Zou je daar dan iets mee kunnen, praktisch gezien? ‘Ik denk het wel. Kijk maar naar bedrijven die daarop inspringen, bijvoorbeeld met smartwatches die je stressniveau inschatten en je dan vertellen dat je rustiger aan moet doen. Ze baseren dat vooral op je hartslag. We hebben blijkbaar die technologie nodig om ons bewust te maken van iets wat we zelf eigenlijk ook prima zouden kunnen ervaren. Maar naar je lichaam kunnen luisteren is een vaardigheid waarmee we te weinig oefenen, vind ik. We zouden beter moeten snappen hoe denken en emoties beïnvloed worden door onze ervaringen. En hoe we dat kunnen inzetten om onszelf beter te voelen. Dat kun je aan kleine kinderen al leren, en volgens mij is dat supernuttig.’

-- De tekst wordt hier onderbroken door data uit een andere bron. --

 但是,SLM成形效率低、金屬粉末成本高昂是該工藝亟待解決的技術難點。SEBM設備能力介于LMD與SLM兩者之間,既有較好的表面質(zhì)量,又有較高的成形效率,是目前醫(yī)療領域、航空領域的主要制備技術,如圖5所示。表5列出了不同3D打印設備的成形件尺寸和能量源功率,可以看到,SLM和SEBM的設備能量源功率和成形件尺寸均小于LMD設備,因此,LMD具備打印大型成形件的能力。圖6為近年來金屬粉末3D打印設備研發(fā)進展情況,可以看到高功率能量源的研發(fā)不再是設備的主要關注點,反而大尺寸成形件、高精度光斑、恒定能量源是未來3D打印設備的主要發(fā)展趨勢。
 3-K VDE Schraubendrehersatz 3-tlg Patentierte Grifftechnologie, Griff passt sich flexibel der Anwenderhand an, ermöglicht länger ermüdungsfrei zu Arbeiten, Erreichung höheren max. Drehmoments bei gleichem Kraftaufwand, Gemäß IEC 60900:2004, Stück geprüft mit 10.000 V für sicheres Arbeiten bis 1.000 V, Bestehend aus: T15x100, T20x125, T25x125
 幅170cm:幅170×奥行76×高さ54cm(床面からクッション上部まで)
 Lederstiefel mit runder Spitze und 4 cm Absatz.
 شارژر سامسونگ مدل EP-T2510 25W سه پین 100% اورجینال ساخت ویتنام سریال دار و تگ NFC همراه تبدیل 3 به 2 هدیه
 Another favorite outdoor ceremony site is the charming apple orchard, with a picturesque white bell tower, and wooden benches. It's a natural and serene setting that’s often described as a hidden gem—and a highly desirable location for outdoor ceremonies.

Natuurlijk hoef je daarvoor niet per se te weten welke hormonen daaraan te pas komen. Maar, vindt Bos: ‘Met die kennis kun je wel beter begrijpen wat er in je lijf gebeurt en hoe dat gebeurt, en dan heb je een overtuigender verhaal.’ Dat verhaal is alleen nog lang niet af.

babygezichten

Als je, zoals Bos, onderzoek doet naar het verband tussen hormonen en menselijk gedrag, dan moet je heel precies zijn. Antwoorden op grote vragen zijn er niet meteen. ‘Ik wil weten wat er in je lichaam gebeurt als je zorgt, en dat is natuurlijk een veel te brede, vage vraag. Dus moeten we het opsplitsen in kleine, meetbare componenten. Dan ga je proefpersonen bijvoorbeeld naar verschillend gevormde babygezichten laten kijken, en probeer je verbanden te vinden tussen de reacties in hun hersenen en de concentraties van bepaalde hormonen in hun bloed. Zo - en op allerlei andere manieren - proberen we erachter te komen wat mensen gevoelig maakt voor signalen van baby’s die zorggedrag uitlokken.’

Hij kan zich voorstellen dat zulk onderzoek ooit iets oplevert waar ouders hun voordeel mee kunnen doen, maar dat is niet dichtbij en daar gaat het hem ook niet om, zegt Bos. ‘Ik wil gewoon weten hoe het werkt.’ Zou het ook resultaten kunnen opleveren die misbruikt kunnen worden, om gedrag van mensen te manipuleren? ‘Nee, eerder het omgekeerde. We komen er steeds meer achter hoe mateloos complex het is, en dat het dus heel moeilijk is om iemands gedrag met hormonen te sturen. Het is eigenlijk merkwaardig, die angst voor biologische beïnvloeding die er altijd bijgehaald wordt. Intussen worden mensen in de echte wereld volop gemanipuleerd, met valse informatie bijvoorbeeld. Maak je daar maar druk over, denk ik dan.’

Tot slot een kijktip voor wie echt meer wil weten over hormonen en gedrag, zonder direct in de wetenschappelijke artikelen te duiken: de colleges van Robert Sapolsky over de biologie van menselijk gedrag. Vol vaart en humor. Begin met het eerste college, en de rest volgt vanzelf.